Tuesday, December 2, 2014

Bagaimana rupa wajah Yesus yang sebenarnya?
Bule atau berkulit coklat hitam?

Menurut anda bagaimana rupa wajah Yesus yang sebenarnya? Berkulit putih, berambut panjang pirang dan berombak serta berbiji mata biru, seperti yang mungkin dipajang pada dinding kamar belajar anda? Aah, itu adalah wajah Yesus dari para pelukis Zaman Barok (Renaissance) di Eropa (abad 14 sampai abad 16), yang mula-mula merupakan salah satu dari sekian lukisan wajah Ceasare Borgia, seorang putera berkepribadian buruk dari Paus Aleksander VI (dikenal juga sebagai Rodrigo Borgia) (1431-1503). 

Ceasare Borgia yang wajahnya dijadikan model wajah Yesus Zaman Barok

Wajah Ceasare Borgia ini dilukis oleh Michelangelo Buonarroti dan Leonardo da Vinci atas permintaan ayahnya pada tahun 1492 (menurut sebuah catatan Aleksandre Dumes, Celebrated Crimes, jilid I). Loh, jika memang begitu, lantas wajah Yesus yang sebenarnya bagaimana? Ya, tentu anda penasaran, dan juga saya.  

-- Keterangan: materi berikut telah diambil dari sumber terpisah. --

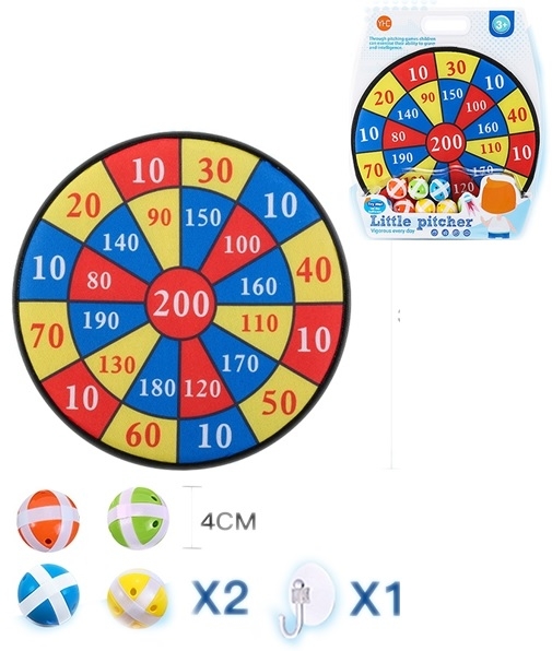 Juego clásico con 4 bolas. Las bolas de velcro de alta calidad y segura, garantiza que la bola se pueda sujetar 100% firmemente a la tabla. No tienes que preocuparte de que los niños pierden la pelota.Medidasdiám 36x4 cms.No requiere pilas.
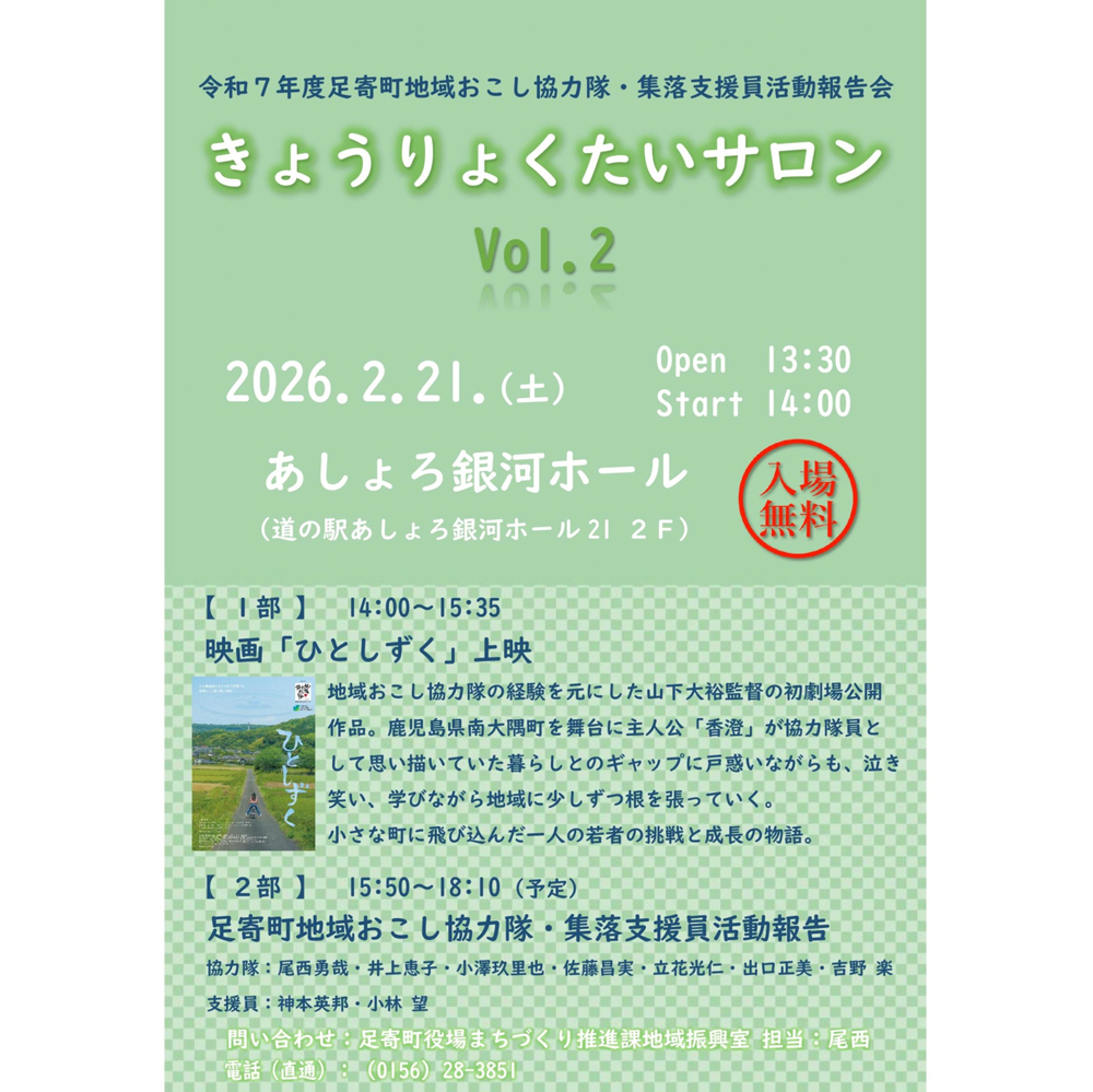 令和7年度足寄町地域おこし協力隊・集落支援員活動報告会「きょうりょくたいサロンVol.2」が開催されます。
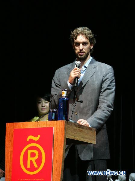 NBA Los Angeles Lakers player Pau Gasol addresses a promotion activity for brands of Spain held in the Spain Pavilion at the 2010 World Expo in Shanghai, east China, Sept. 1, 2010. (Xinhua/Meng Chenguang)
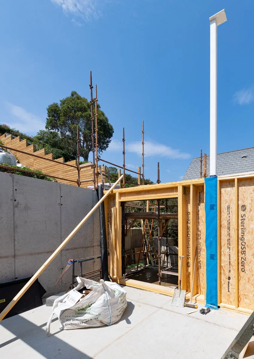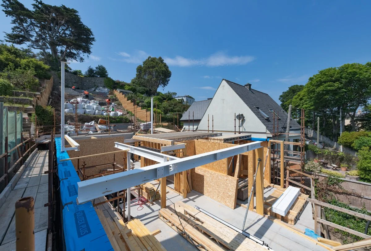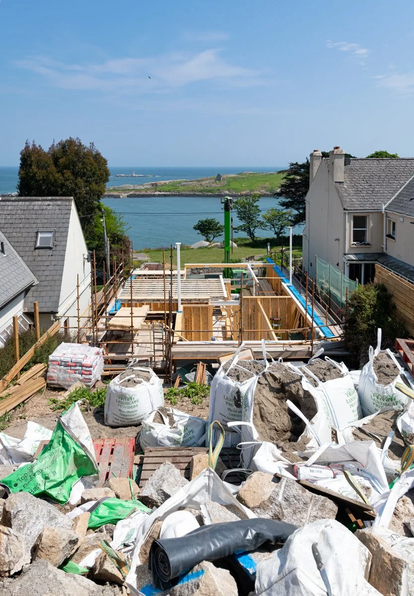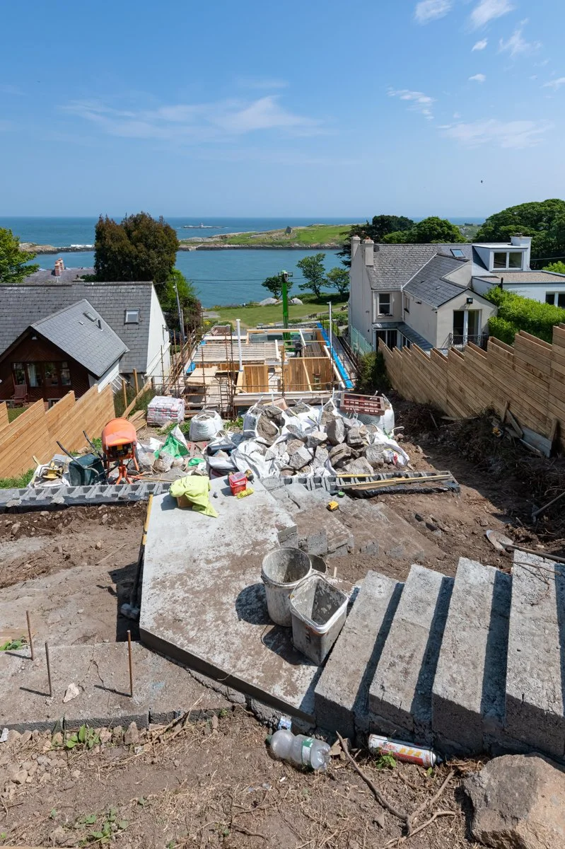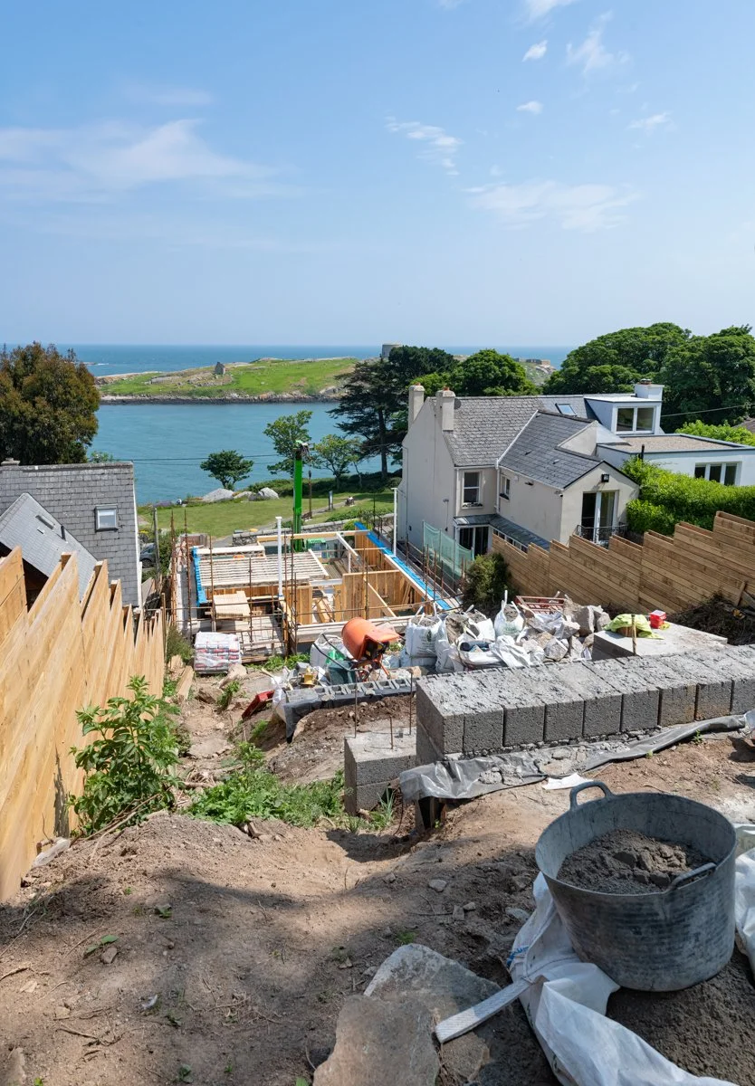 After significant site preparation and groundworks it is great to see our latest domestic project in Dalkey beginning to take shape. The aptly named Bella Vista, overlooking Dalkey Island, is designed by Miles Sampson Architects and is located on a narrow, steeply sloping site between two existing houses.
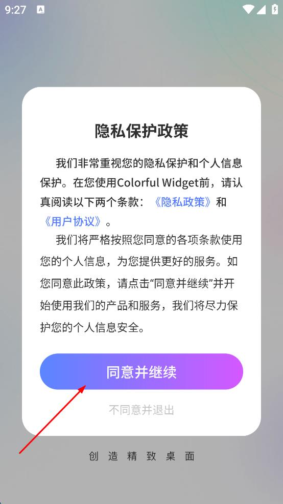 1、打开Colorful Widget应用,会弹出隐私保护政策说明框,认真阅读后点击“同意并继续”,进入到应用主界面。

Tidak sedikit peneliti yang menarik suatu kesimpulan bahwa wajah Yesus model Zaman Barok sebetulnya diambil dari wajah suatu dewa Mesir, yang bernama Serapis, yang dipandang mempunyai fitur-fitur gabungan dewa-dewa Mesir dan dewa-dewa Yunani. Pemodelan wajah Serapis sebagai wajah Yesus Kristus sudah terjadi jauh sebelum Zaman Barok, yakni ketika Kaisar Konstantinus Agung berkuasa (abad ke-4 M) dan menetapkan wajah Dewa Serapis sebagai wajah Yesus sang Kristus. Tentu, dalam hal ini, motif sang Kaisar adalah gabungan motif politik dan motif keagamaan lewat sinkretisme simbol-simbol religiopolitik.

 Wajah Dewa Serapis yang menjadi model wajah Yesus Kristus sejak abad ke-4 M

Sekarang kita masuk ke suatu usaha merekonstruksi wajah Yesus dengan memakai sains dan teknologi modern. Patung 3-Dimensi kepala dan wajah seorang laki-laki di bawah ini tentu tidak anda kenal, bukan? Perhatikanlah: dia berkulit gelap sawo matang dan sedikit hitam, berambut tebal, lurus, pendek, berkeriting kusut dan berwarna hitam, serta kedua biji matanya berwarna coklat. 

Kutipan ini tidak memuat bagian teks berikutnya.